:: Data for processing ::
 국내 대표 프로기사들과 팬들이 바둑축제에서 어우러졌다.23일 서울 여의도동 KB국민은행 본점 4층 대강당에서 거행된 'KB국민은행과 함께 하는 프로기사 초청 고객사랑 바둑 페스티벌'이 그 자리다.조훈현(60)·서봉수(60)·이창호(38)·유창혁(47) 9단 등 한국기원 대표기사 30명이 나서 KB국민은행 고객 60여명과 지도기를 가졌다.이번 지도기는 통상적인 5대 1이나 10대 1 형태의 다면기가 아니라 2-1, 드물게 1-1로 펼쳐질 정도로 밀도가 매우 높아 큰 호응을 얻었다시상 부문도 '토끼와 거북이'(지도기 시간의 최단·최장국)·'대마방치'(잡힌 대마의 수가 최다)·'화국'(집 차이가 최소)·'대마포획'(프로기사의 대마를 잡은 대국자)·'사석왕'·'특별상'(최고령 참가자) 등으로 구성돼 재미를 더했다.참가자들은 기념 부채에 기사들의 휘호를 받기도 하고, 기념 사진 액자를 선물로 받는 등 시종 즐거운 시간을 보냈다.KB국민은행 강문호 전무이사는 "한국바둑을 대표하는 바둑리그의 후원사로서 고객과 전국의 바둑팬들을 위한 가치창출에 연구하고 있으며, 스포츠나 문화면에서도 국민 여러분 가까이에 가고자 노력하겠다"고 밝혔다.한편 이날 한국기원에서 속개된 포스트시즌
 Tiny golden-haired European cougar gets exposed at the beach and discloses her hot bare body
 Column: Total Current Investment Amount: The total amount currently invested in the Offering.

---

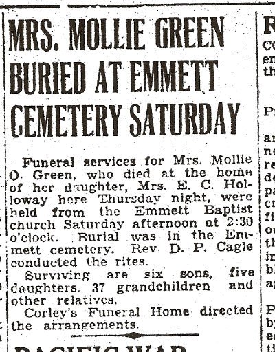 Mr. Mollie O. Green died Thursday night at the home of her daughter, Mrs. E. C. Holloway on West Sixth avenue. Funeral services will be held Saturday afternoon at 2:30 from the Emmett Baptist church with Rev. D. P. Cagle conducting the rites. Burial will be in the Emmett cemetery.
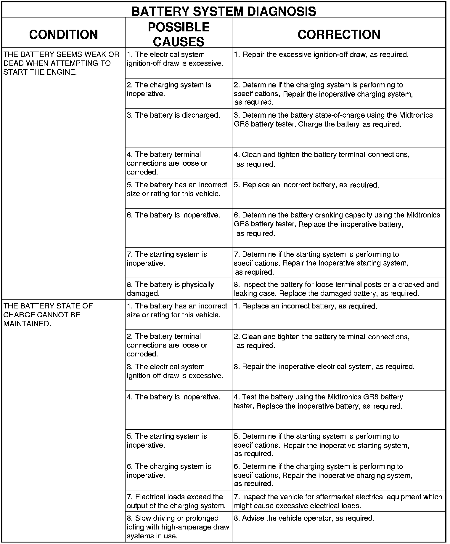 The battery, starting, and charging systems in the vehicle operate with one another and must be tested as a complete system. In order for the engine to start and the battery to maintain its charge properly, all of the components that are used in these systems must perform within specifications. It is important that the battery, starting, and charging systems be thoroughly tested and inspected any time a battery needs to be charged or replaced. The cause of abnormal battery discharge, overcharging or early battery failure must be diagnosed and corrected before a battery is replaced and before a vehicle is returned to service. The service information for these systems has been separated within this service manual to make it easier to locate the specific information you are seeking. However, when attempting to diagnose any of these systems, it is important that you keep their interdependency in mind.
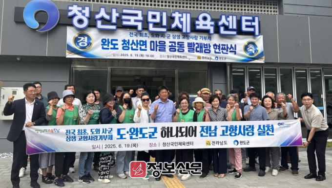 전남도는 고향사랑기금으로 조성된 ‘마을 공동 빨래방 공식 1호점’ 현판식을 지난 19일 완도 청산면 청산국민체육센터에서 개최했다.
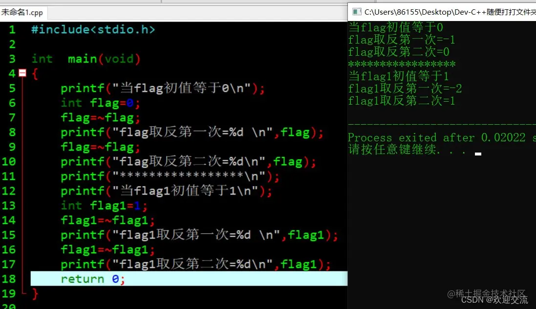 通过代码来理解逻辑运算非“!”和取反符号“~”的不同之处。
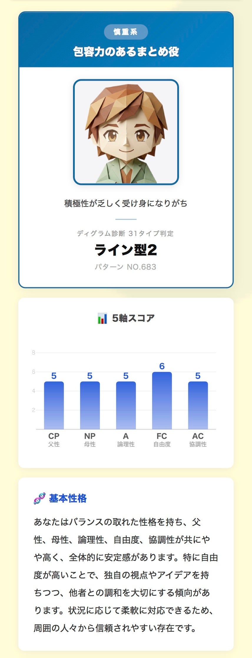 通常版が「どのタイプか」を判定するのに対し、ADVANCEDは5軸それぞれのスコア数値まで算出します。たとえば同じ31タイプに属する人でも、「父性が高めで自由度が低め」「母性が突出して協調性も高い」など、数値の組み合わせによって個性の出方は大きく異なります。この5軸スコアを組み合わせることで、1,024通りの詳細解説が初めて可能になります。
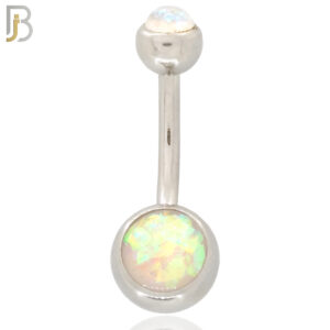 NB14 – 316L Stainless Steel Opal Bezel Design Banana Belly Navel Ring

* * *

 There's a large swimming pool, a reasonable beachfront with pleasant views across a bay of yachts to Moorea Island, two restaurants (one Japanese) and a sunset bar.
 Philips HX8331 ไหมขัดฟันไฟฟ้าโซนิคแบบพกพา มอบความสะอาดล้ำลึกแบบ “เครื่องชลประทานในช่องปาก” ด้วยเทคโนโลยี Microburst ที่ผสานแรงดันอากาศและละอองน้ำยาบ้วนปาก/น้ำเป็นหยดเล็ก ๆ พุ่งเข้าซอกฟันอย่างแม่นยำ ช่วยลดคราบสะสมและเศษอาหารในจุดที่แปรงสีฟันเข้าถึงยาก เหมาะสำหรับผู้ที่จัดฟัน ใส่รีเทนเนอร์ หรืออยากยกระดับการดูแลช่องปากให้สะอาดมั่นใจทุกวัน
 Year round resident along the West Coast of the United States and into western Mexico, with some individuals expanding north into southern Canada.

:: The problem ::
Give only the lines from the one holding "Philips HX8331 ไหมขัดฟันไฟฟ้าโซนิคแบบพกพา" through the one holding "Year round resident", each restated exactly as it appears above.

:: Answer box ::
 Philips HX8331 ไหมขัดฟันไฟฟ้าโซนิคแบบพกพา มอบความสะอาดล้ำลึกแบบ “เครื่องชลประทานในช่องปาก” ด้วยเทคโนโลยี Microburst ที่ผสานแรงดันอากาศและละอองน้ำยาบ้วนปาก/น้ำเป็นหยดเล็ก ๆ พุ่งเข้าซอกฟันอย่างแม่นยำ ช่วยลดคราบสะสมและเศษอาหารในจุดที่แปรงสีฟันเข้าถึงยาก เหมาะสำหรับผู้ที่จัดฟัน ใส่รีเทนเนอร์ หรืออยากยกระดับการดูแลช่องปากให้สะอาดมั่นใจทุกวัน
 Year round resident along the West Coast of the United States and into western Mexico, with some individuals expanding north into southern Canada.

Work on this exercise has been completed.